Christmas Spirit in Space and Time, Part 1 of 5

Our friend, Rick Pearcey, has written a splendid and fresh reflection about Christmas which we believe you will find engaging and stretching.  We are happy to post it here, in five installments, from its original publication at the Pearcey Report. The entire article is available here, subtitled, Good News Confronts Cults of Faith, Secularism, Religion, and Politics.

The joyous Christmas season has become increasingly secular, religious, and fragmented, helping make the most wonderful time of the year perhaps also the most manipulative. We celebrate, and that is good, even healing. And given the hectic pace of life in America, there is much to admire in our ability to rise to the occasion of Christmas festivity every December.

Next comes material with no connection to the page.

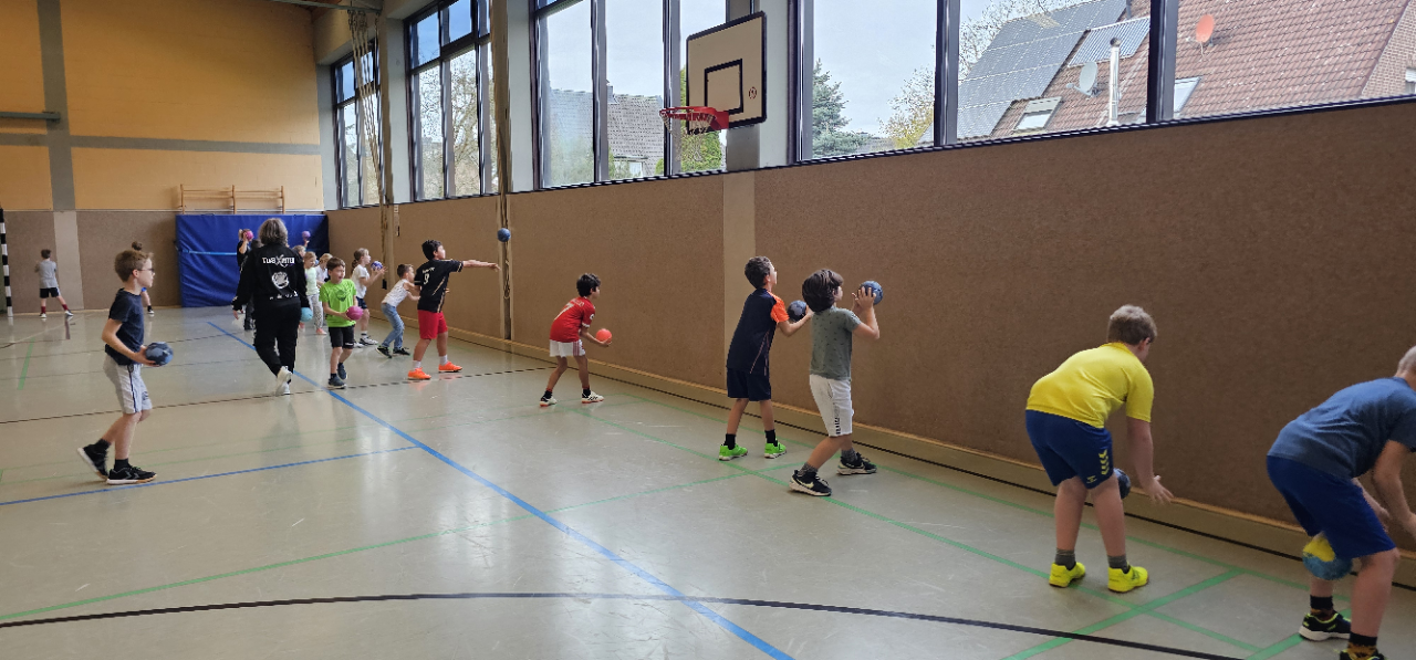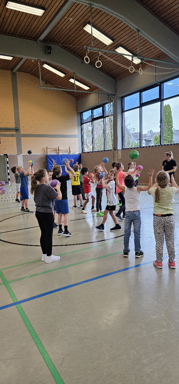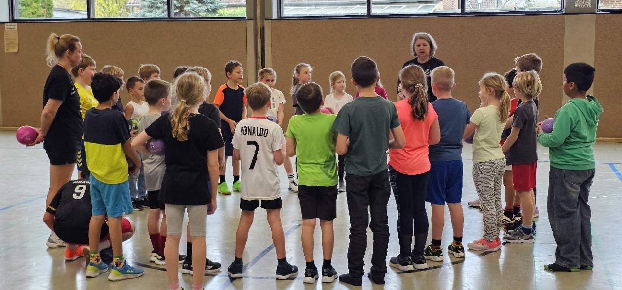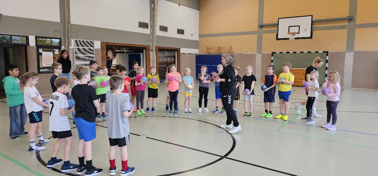 Auch an der Hagelkreuzschule Lüttingen machte der Handball-Grundschulaktionstag des Deutschen Handballbundes wieder Station. Die Aktion fand dort bereits zum wiederholten Male statt und unterstreicht die gewachsene und vertrauensvolle Zusammenarbeit zwischen Schule und Verein.

But on a deeper level, the awe and cheer that attend a Holy Night and a Christmas Day seem more than ever to rest upon cultural understandings weak and eroding. Consider how fact today is alienated from meaning, “faith” from life, spirit from matter, and wonder from the real things of life in a searching, troubled world. The optimism of a new beginning in a New Year fades when we lose touch with secure points of reference by which to measure hope and find comfort in progress. Power elites employ malleable symbols of religion and politics to manipulate money and masses towards results that overturn the original content of words and action rooted in history.

There is a remedy for this, and it is found in the humane and concrete realities of the events that started it all some 2,000 years ago. This series of reflections comprise a kind of Christmas and New Year’s debriefing related to information given in Luke 2, where familiar but revolutionary words await: “And the shepherds returned, glorifying and praising God for all they had heard and seen, as it had been told them” (Luke 2:20).

What Luke gives us is part of a narrative that has comforted many millions of people around the world and throughout history. And yet, in this passage is no mere comfort. For in it is a cosmos of light and humanity that challenges settled expectations about what many regard as normal life in enlightened society. To help us unpack something of the power of this passage, let’s consider each of its four elements in turn.